Herzog’s Encounters at the Edge of the World explores Antarctica
Enigmatic director Werner Herzog has, during nearly 50 years of making films, been drawn to the outskirts of man’s inhabitation of the planet. In Aguirre, the Wrath of God, he envisioned conquistadores making their way along the Amazon, and in Fitzcarraldo, an obsessed opera-lover tries to build an opera house in the middle of the Peruvian jungle.
Herzog portrays not only the outside of civilization, but its outsiders, people who cannot bear to lead ordinary lives, and who will go literally to the ends of the Earth to escape them. The director himself has remained an outsider, refusing to work in traditional ways, refusing to be pigeonholed as a documentary or narrative filmmaker.
Which is why it will surprise no one who’s followed his career that he allowed this instinct to lead him to Antarctica in the documentary Encounters at the Edge of the World, the third offering of the AEC’s fall Independent Film Series.
Shot in Antarctica as part of the National Science Foundation’s Antarctic Artists and Writers Program, the film crew for“Encounters” consisted of Herzog, who recorded all production sound, and cinematographer Peter Zeitlinger.

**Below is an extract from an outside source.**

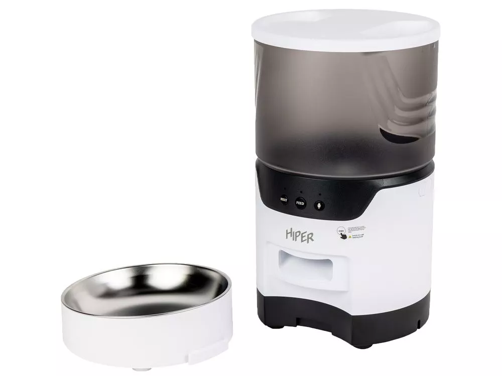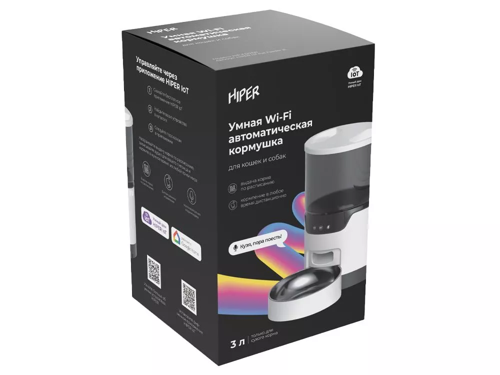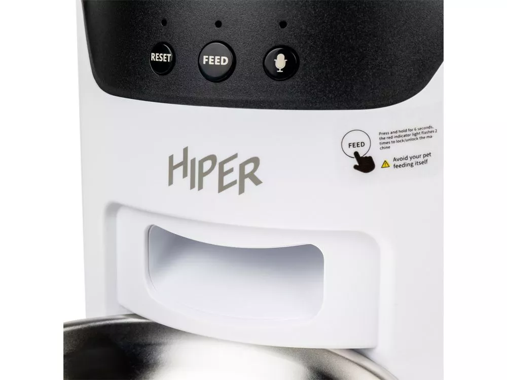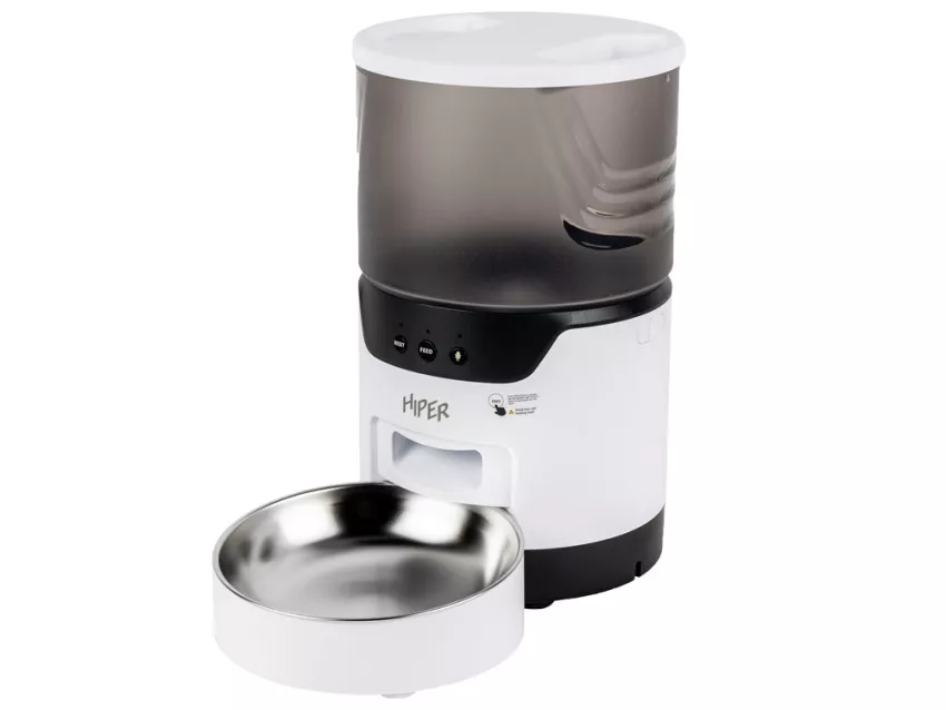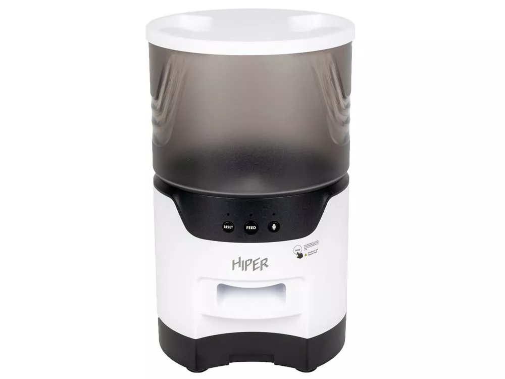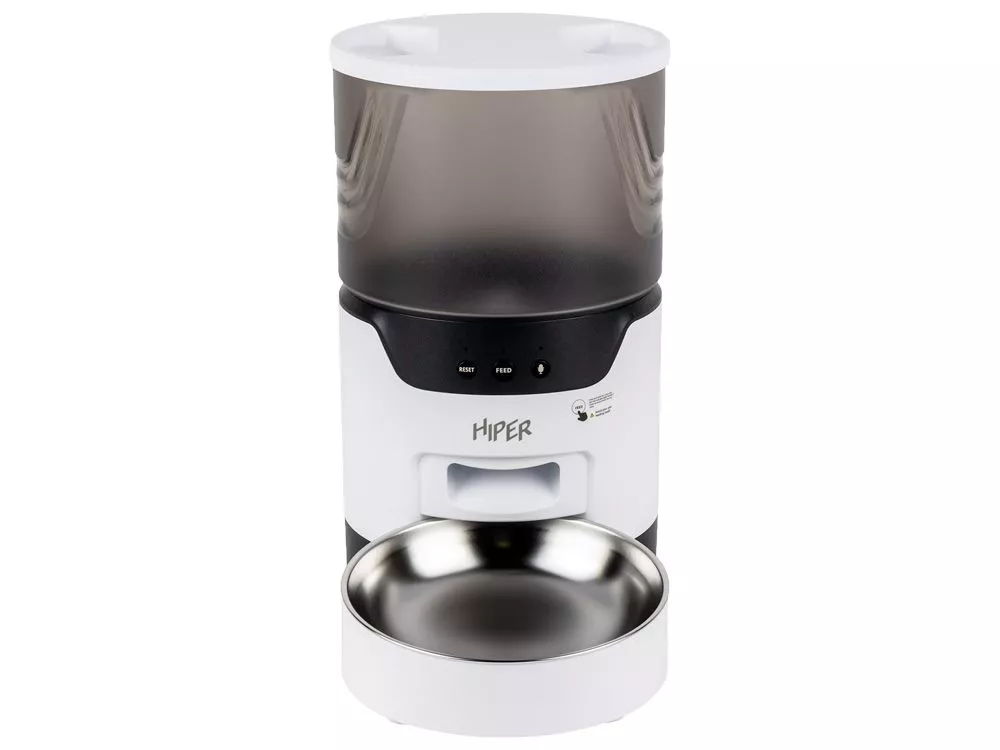 Внутри контейнера имеется специальный фильтр, который защищает сухой корм от влаги. Также конструкция предусматривает встроенный вращающийся механизм, который обеспечивает равномерную подачу корма через широкое отверстие. Вы можете отрегулировать размер порции от 10 до 200 грамм. Расписание кормления можно настроить в бесплатном приложении HIPER IoT для всех смартфонов на Android и iOS, там же вы можете покормить питомца дистанционно в любой момент, где бы вы ни были.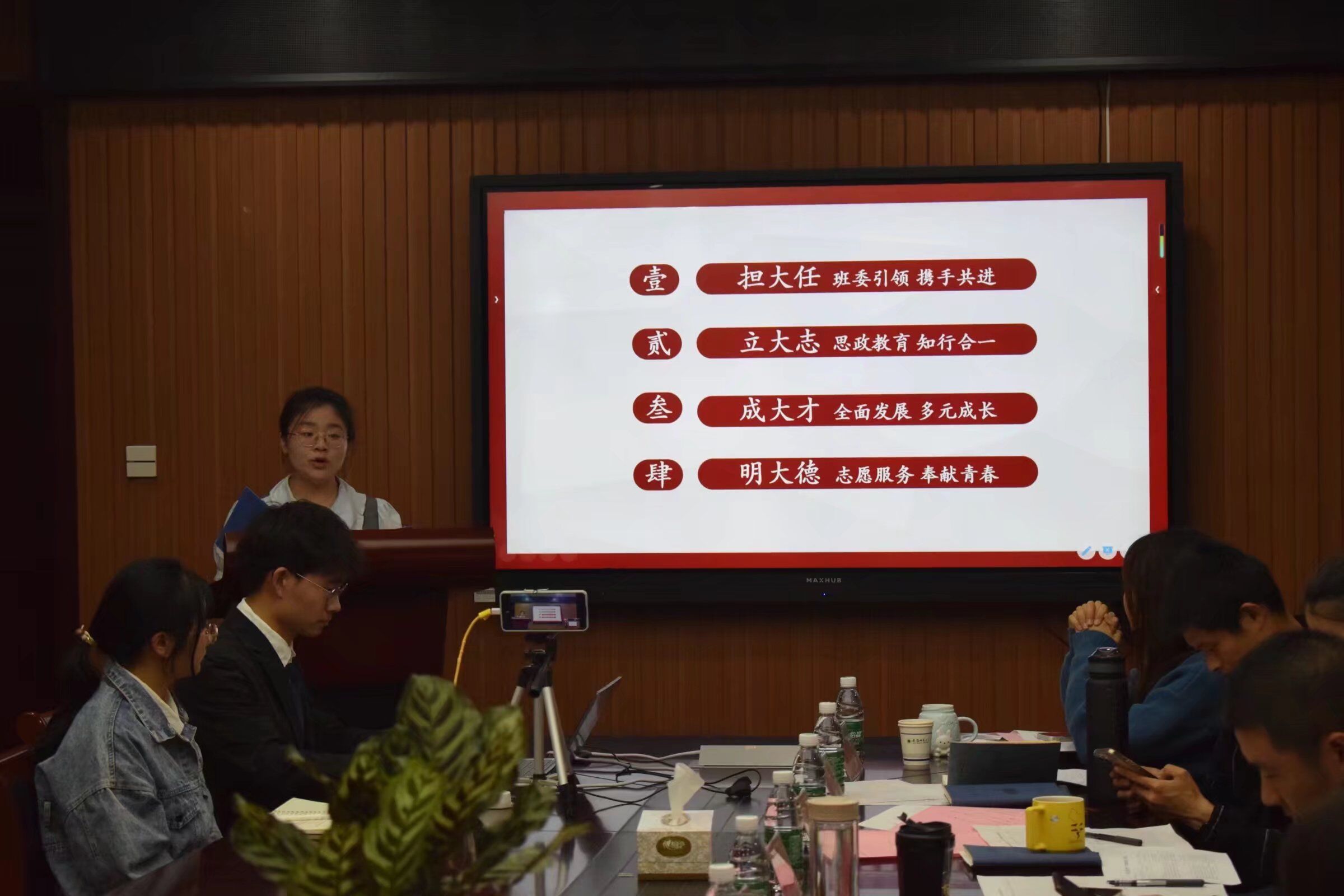 汇报中,各参评班级汇报人根据抽签顺序,结合视频、ppt等形式详细介绍了班级在组织建设、思想引领、学风建设、基础文明等方面的优秀做法与典型成效,个人的演讲与台上的演示充分融合,从不同视角对集体所做的所有工作进行全面总结,全方面展示了班级的基本情况。

Sources about the film note, “The two went to Antarctica without any opportunity to plan filming locations or interview subjects, and had only seven weeks to conceive and shoot their footage. Herzog often met his interview subjects only minutes before he began shooting them.”
Herzog filmed not only the unearthly beauty of the frozen world, both above and below the ice, but also the lives of the 1,000 men and women who live in Antarctica, mostly in quest of scientific knowledge.
As one review describes the film’s subjects: “A scientist studies neutrinos, which are everywhere, yet elusive; he likens them to spirits. A researcher’s nighttime performance art includes contorting her body into a luggage bag. A survival guide teaches his students to survive whiteout conditions by wearing cartoon-face buckets over their heads. Animal researchers milk mother seals as part of their study. Volcanologists offer advice on what to do when a volcano erupts. A pipefitter shows us the anomaly in his hands that he says are a sign he descended from Aztec royalty. A former Colorado banker drives what he has christened Ivan the Terra Bus. An underwater diver shows his colleagues DVDs of apocalyptic sci-fi films like Them! And…we meet a penguin researcher who answers the filmmaker’s questions about homosexuality and insanity in his subjects. We also meet an individualist penguin, who breaks away from the other birds to run toward the mountains, facing certain death.”
No wonder Herzog found the subject irresistible. This film will be a must-see for fans of this true original.